US National Parks: Yosemite Half Dome

The faces of Half Dome

Half Dome...another magnificent granite mountain...also a favourite of Adams...his most famous and endearing capture being Moon over Half Dome...a stunning photographic masterpiece.

The light plays games with Half Dome...the character or approachability of the huge mountain changes with the time of day, and time of year. In the day, the granite of Half Dome is forbidingly hard, imposing in stature and powerful. I made this shot from the Curry Village car park, shot in harsh daylight. I intentionally placed the trees in the foreground in Zone 1, making them mainly silhouettes, allowing the immense strength of Half Dome to force itself into the photograph.



Half Dome changes again, even in the same mid-day light. The next shot was taken from Mirror Lake, at the foot of Half Dome. We had seen a poster at our hotel in Mariposa, showing Half Dome, reflected on a pool of water, and had wanted to capture the same image. Mirror Lake was originally a small lake at Tenaya Creek between the peaks of Half Dome and North Dome. But artificial attempts to make a dam in the interest of an early tourism attraction in the late 1880s and mining of the sand caused sediments to accumulate, and the lake is close to disappearing.
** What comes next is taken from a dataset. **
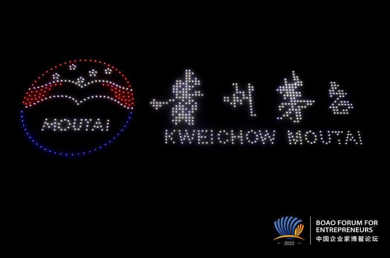 图为“喜相逢·茅台1935”之夜的无人机表演。

Only in the peak of spring and early summers, when the snow melt makes torrents of water come down the peaks is it a lake. Most of the time, as it was when I visited, it remains a dry sandy valley.

It was a hot day when I shot there...the lake bed threatening to bake me and my equipment. A little stream flows where a lake would have been in high water. Where I set up my tripod, during high water season, would be submerged under water some 1.5 to 2m, leaving only the very top of the boulder in the foreground above water..
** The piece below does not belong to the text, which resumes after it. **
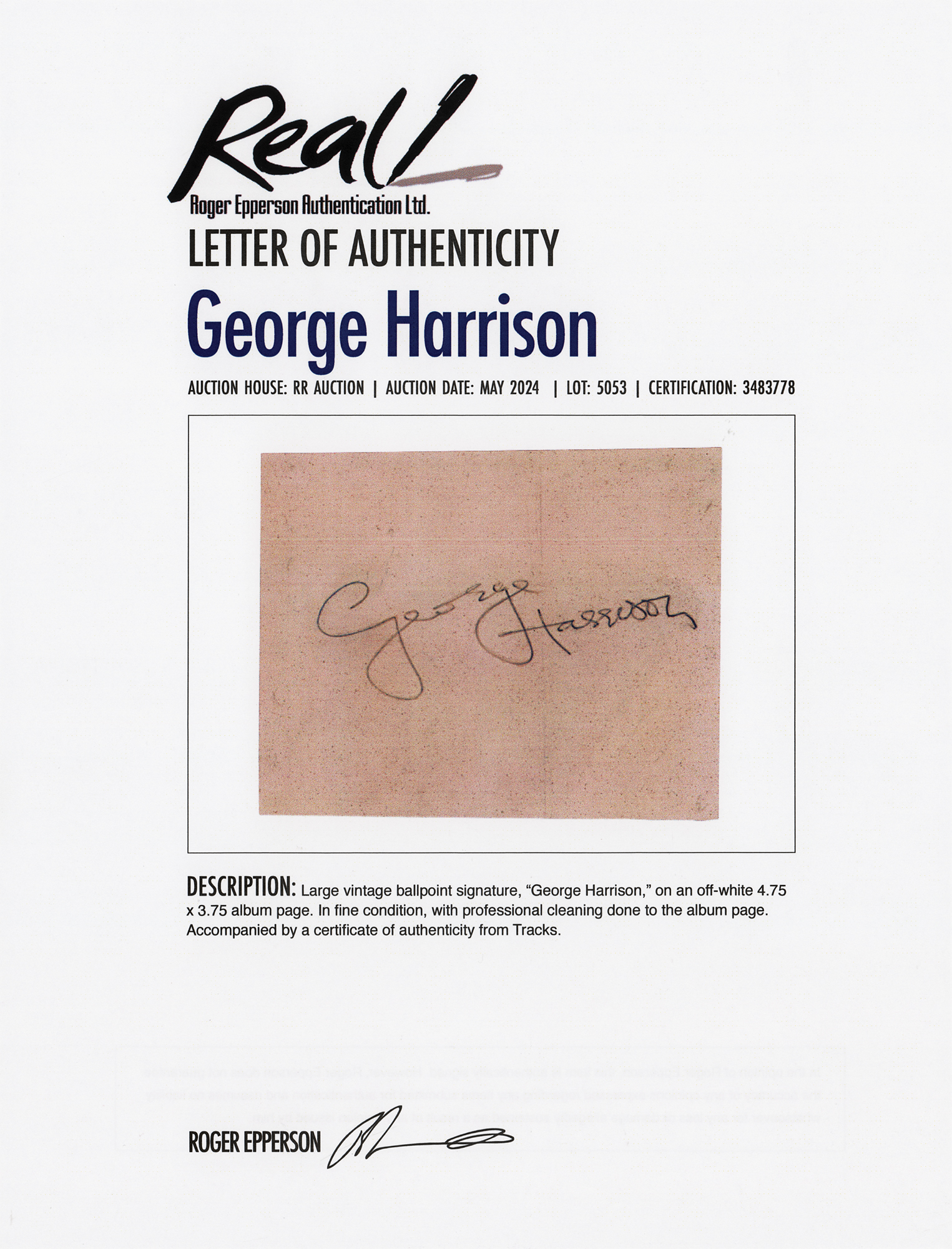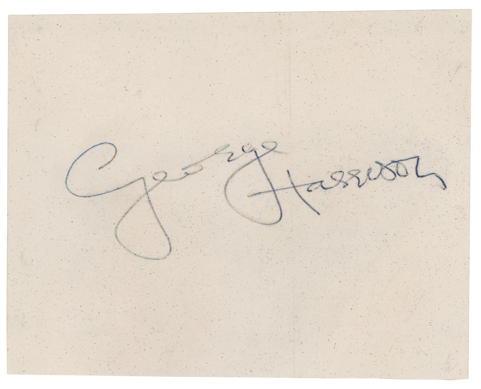 Large vintage ballpoint signature, "George Harrison,” on an off-white 4.75 x 3.75 album page. In fine condition, with professional cleaning done to the album page. Accompanied by a certificate of authenticity from Tracks and a full letter of authenticity from REAL.

I placed the shadows of Half Dome in Zone 5, and allowed the rest of the exposure to fall where it did.

But by evening, at sunset...Half Dome...the warmth and glow of the setting sun, makes the mountain look less forbidding...and a little more approachable. This shot from Glazier Point lookout. At an elevation of 7,214 feet (2,199 m), 3,200 feet (980 m) above Curry Village, looking directly into the face of Half Dome.



The golden light of the setting sun, creates a glow on the peak. Shot with the 120mm lens.

This next shot was taken just after the sun had set. Bathed in an eerie moonlight, of blue, almost lilac hues, the imposing mountain becomes even more approachable, pretty even. With this light, it is an almost frantic bid to capture the image before the entire scene plunges into darkness. I managed to get sufficient light to shoot at an exposure of 3s at f/16 only by pushing the digital back to ISO800, compared to ISO50 I have used for the earlier pictures.

I selected the 80mm lens, which shows a different magnification to the one above, but also a slightly different perspective...a more normal vs a compressed telephoto view to the former.